I hate poor security/AI writing

This post...where to start...

Gerard is wrong in the first paragraph (emphasis mine):

Proton Mail is famous for its privacy and security. The cool trick they do is that not even Proton can decode your email. That’s because it never exists on their systems as plain text — it’s always encrypted!

That is only for Proton-to-Proton email. If it's from anywhere else of course it exists as plain text on their systems for some amount of time. This is exactly the reason why I have never understood the popularity of Proton among the "privacy-aware" set. We can't possibly know what happens on Proton's servers.

This worried a lot of the security-minded users — it completely breaks the security model where nothing is in plain-text at rest. But the business users might pay money, so.

Gerard now has switched from "never exists as plain text on their systems" to "nothing exists as plain text at rest". These are very different scenarios and the first one just isn't true as I said above.

Per Proton, chat history for Lumo is zero-access encryption. Gerard mentions that:

Proton says your chats are stored with the same zero-access encryption as your email. That’s great! But their wording is: “end-to-end encryption in your chat history.”
What are the ends in this scenario? And why not just say “end-to-end encryption in your chat”? Well, obviously, because they can’t say that.

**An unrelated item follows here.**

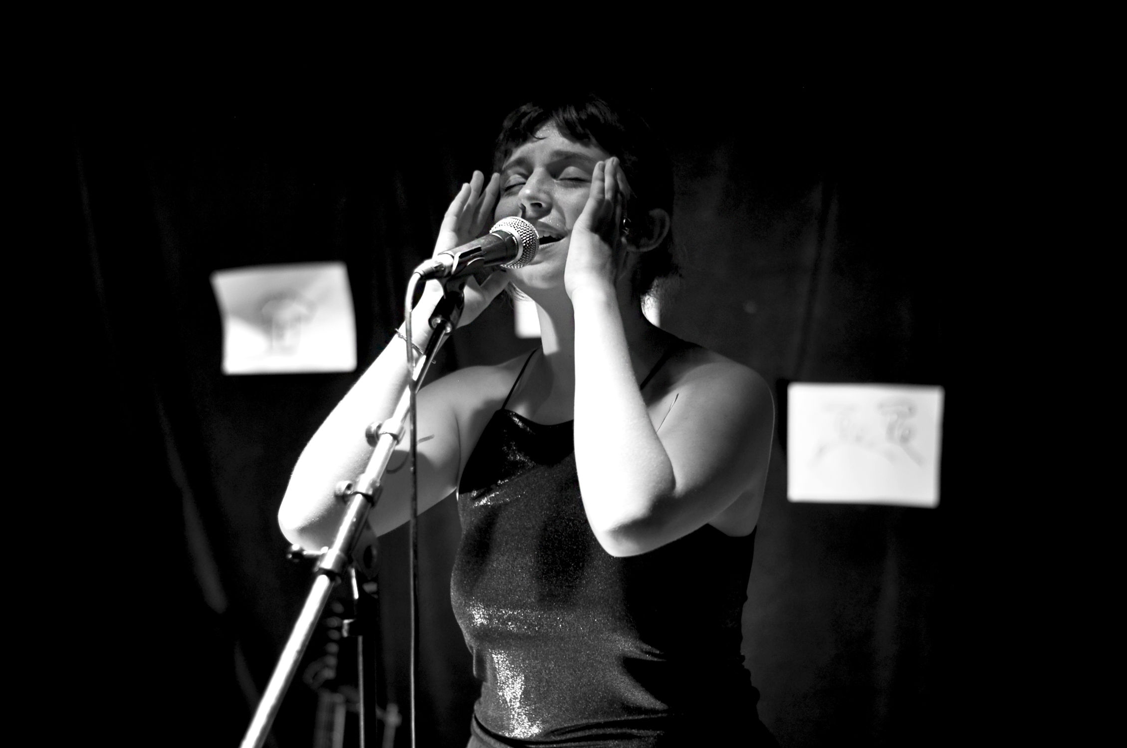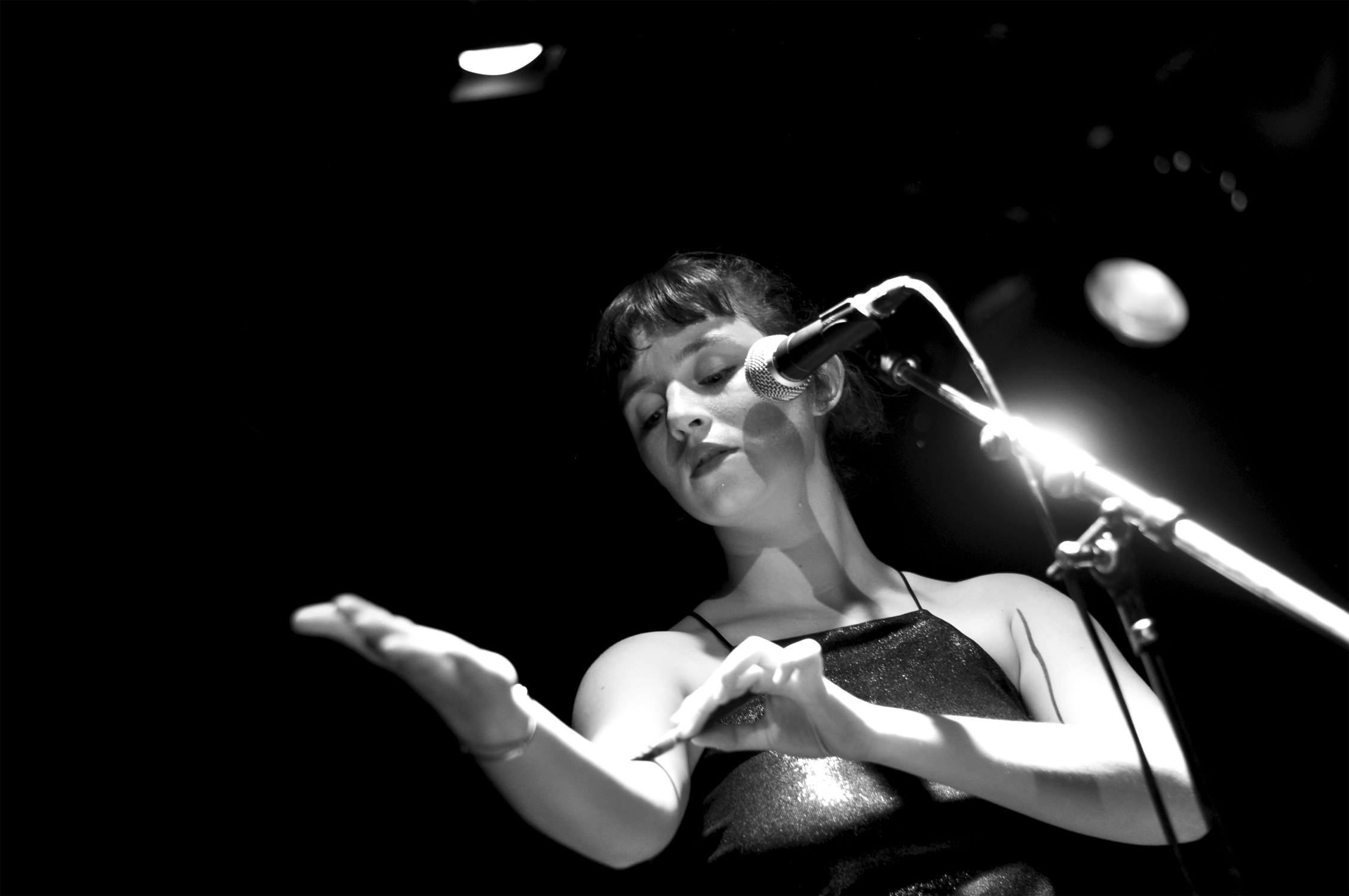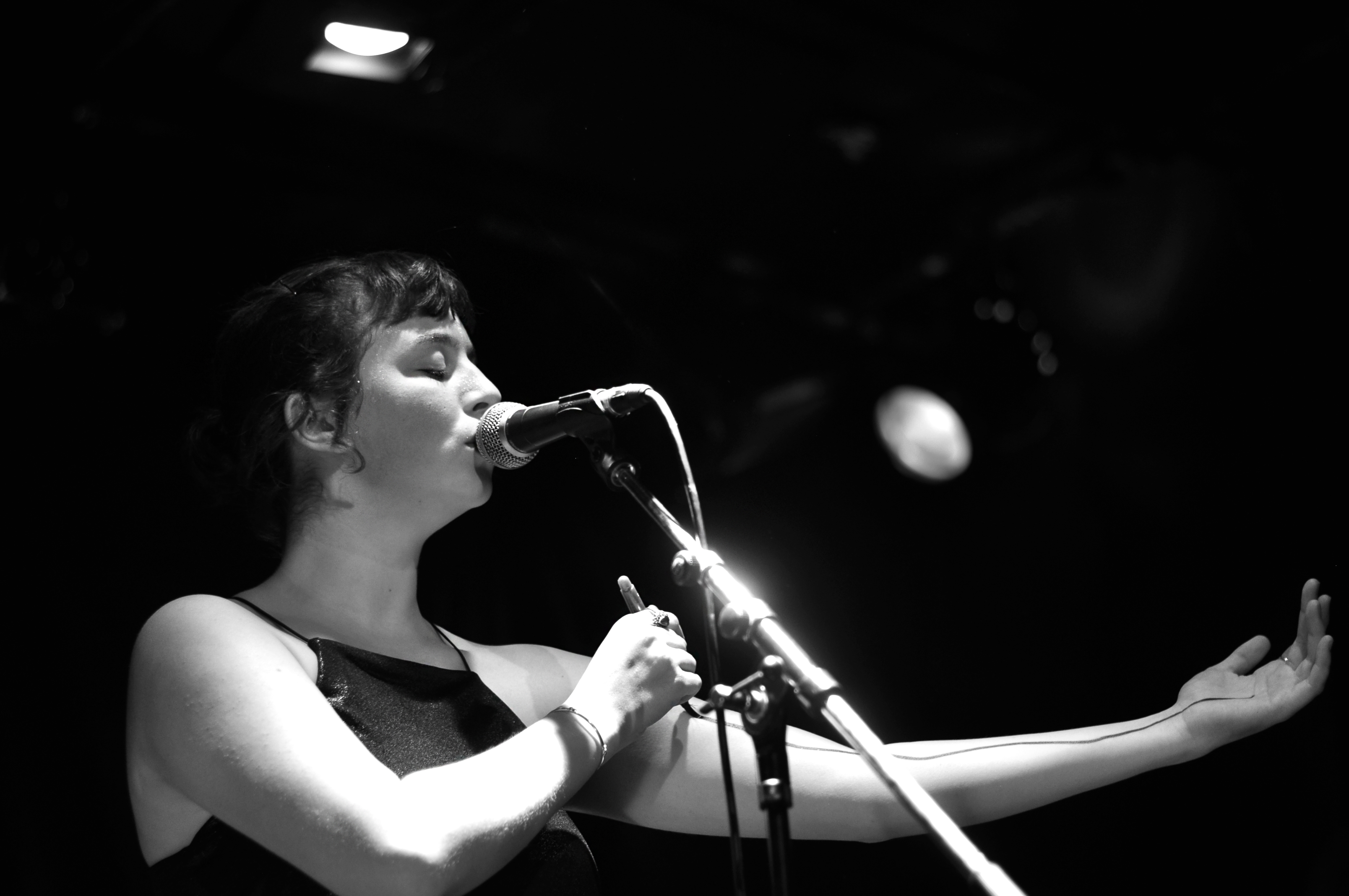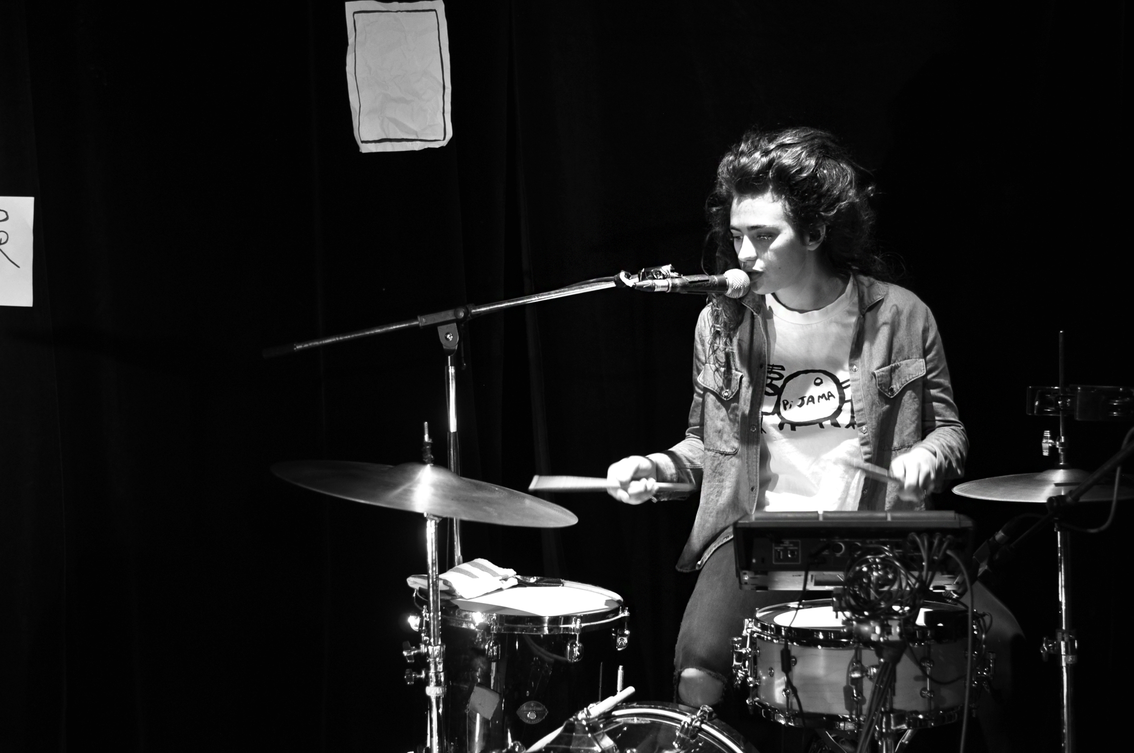 Après avoir parsemé la scène de dessins à l’encre noire, marque de fabrique de Pi Ja Ma, le groupe monte sur scène. Une batteuse, un guitariste, une bassiste se partagent avec équilibre l’accompagnement et les chœurs. On se souvient de l’impression plutôt rock indé qu’on avait eue au festival Les Femmes s’en mêlent. Ce soir, dans une salle plus intimiste, Pi Ja Ma nous apparaît plus douce et psychédélique.

So he's upset that they're being transparent and being specific to chat history being the thing with zero-access encryption? Very odd.

If you’re using a remote chatbot like Lumo, the chat has to exist as plain text for the chatbot to see it, for some unspecified length of time. Same if you dump files into the chatbot from your end-to-end-encrypted Proton Drive — their version of Google Drive.

The same situation if you get any email from outside of ProtonMail.

That’s how most web services work, and it might not sound like a big deal — but Proton’s email famously does not work like that. There is never plain text at rest. So Proton is trying to handwave on their past reputation and say, well, parts of it are totally secure. Just not the rest.

Gerard doesn't like the way Proton writes and then makes the same mistakes himself. "There is never plain text at rest". Nope, but there is plain text at some point in transit for the majority of email you receive at a ProtonMail account. There is never plain text at rest for my Gmail or Fastmail account either. It's all encrypted at rest. The difference is in the Gmail/Fastmail cases it's not zero-access encryption. They hold the encryption key.

In the single most damning thing I can say about Proton in 2025, the Proton GitHub repository has a “cursorrules” file. They’re vibe-coding their public systems. Much secure!

I expect they're not vibe coding at all and I don't see how using AI coding tools makes something less secure. Good programmers are good programmers, AI tools or not. Seems like a lot of biased assumptions (he clearly doesn't like AI tools). Maybe Gerard has information we don't.

Proton is moving its servers out of Switzerland to another country in the EU they haven’t specified. The Lumo announcement is the first that Proton’s mentioned this.

Proton hasn't used exclusively-Swiss servers for quite a long time at this point. They have servers in Germany for example. It most certainly is not the first time Proton has mentioned servers in other EU countries, it's literally in a reddit post 🤣

For most people this‘ll be, so what? — they still trust Google and Microsoft with all their stuff.

It should be "so what?". There is no reason to not trust Google or Microsoft with your stuff. Businesses trust their intellectual property to those companies for a reason.

Proton’s Lumo chatbot is a pile of openwashing and securitywashing using Proton Mail’s previously solid reputation to sell you something where the security is: cross your fingers and trust us.

Previously solid? It's still solid except to the tiny cabal of the Always Online who are constantly looking for something to be outraged over. There has always been a "trust us" component to using ProtonMail as I noted above. That is the case for any company. For smaller companies it would be suicide for them not to follow through on their promises just the same as for the big players like Google. It makes no business sense to lie.